Le polymorphisme génétique responsable de la résistance intrinsèque de M. abscessus aux fluoroquinolones de deux- et troisième générations, A83 pour gyrA et R447-N463 pour gyrB, ne semble pas empêcher l’activité antimycobactérienne de la MXF. Quarante souches appartenant au complexe M. abscessus considérées comme résistantes à la MXF ont été séquencées pour les gènes

gyrA et gyrB. Ces séquençages n’ont révélé aucune mutation pour l’ADN gyrase (Kim et al. 2018). Cet

antibiotique cible également la topoisomérase IV, il serait donc, a minima, nécessaire de séquencer les gènes encodant cette enzyme, parC et parE, voire d’effectuer un séquençage complet du génome pour incriminer l’apparition de mutation dans ce phénotype de résistance.

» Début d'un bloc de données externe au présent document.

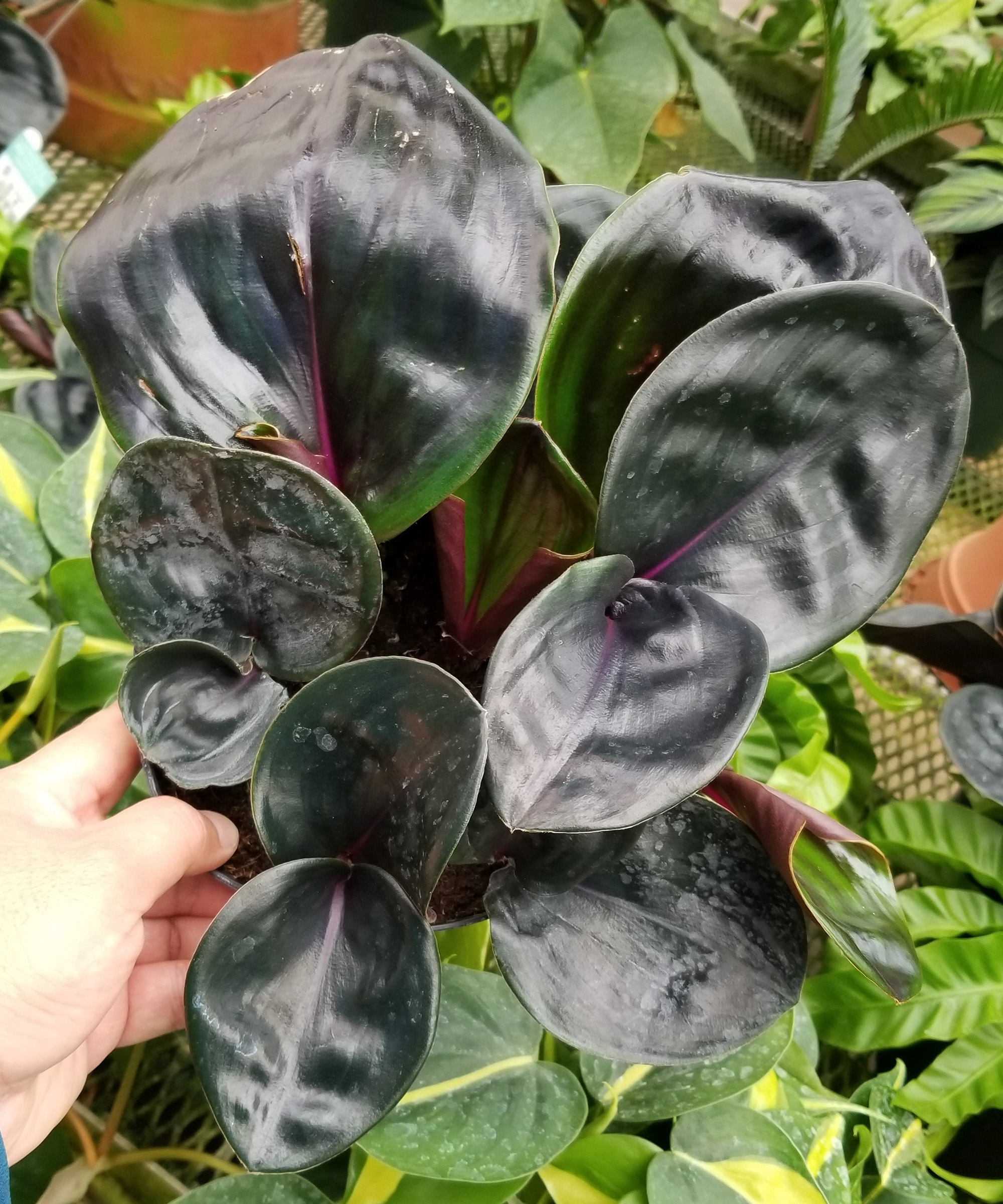 Det är bladen som får alla att jubla. De är tjocka, frodiga, glansiga, läderartade och så djupt lila att de ser svarta ut. Mittenribban och stjälkarna har en mörkrosa nyans och bladet har svaga inslag av grönt över ytan.

A ce jour concernant la BDQ, aucune mutation dans le gène atpE chez des isolats cliniques de

M. abscessus n’a été rapporté dans la littérature. Cependant, des mutations dans ce gène générées

au sein de notre laboratoire ont offert une forte résistance in vitro rendant M. abscessus 250 fois plus résistant (Dupont et al. 2017). Au vu de l’énorme avantage en termes de résistance apportées par ses mutations qui n’ont apparemment ni coût réplicatif ni coût métabolique pour les bactéries, on ne peut omettre la possibilité qu’une telle sous-population existe d’ores et déjà ou qu’elle soit susceptible d’apparaitre.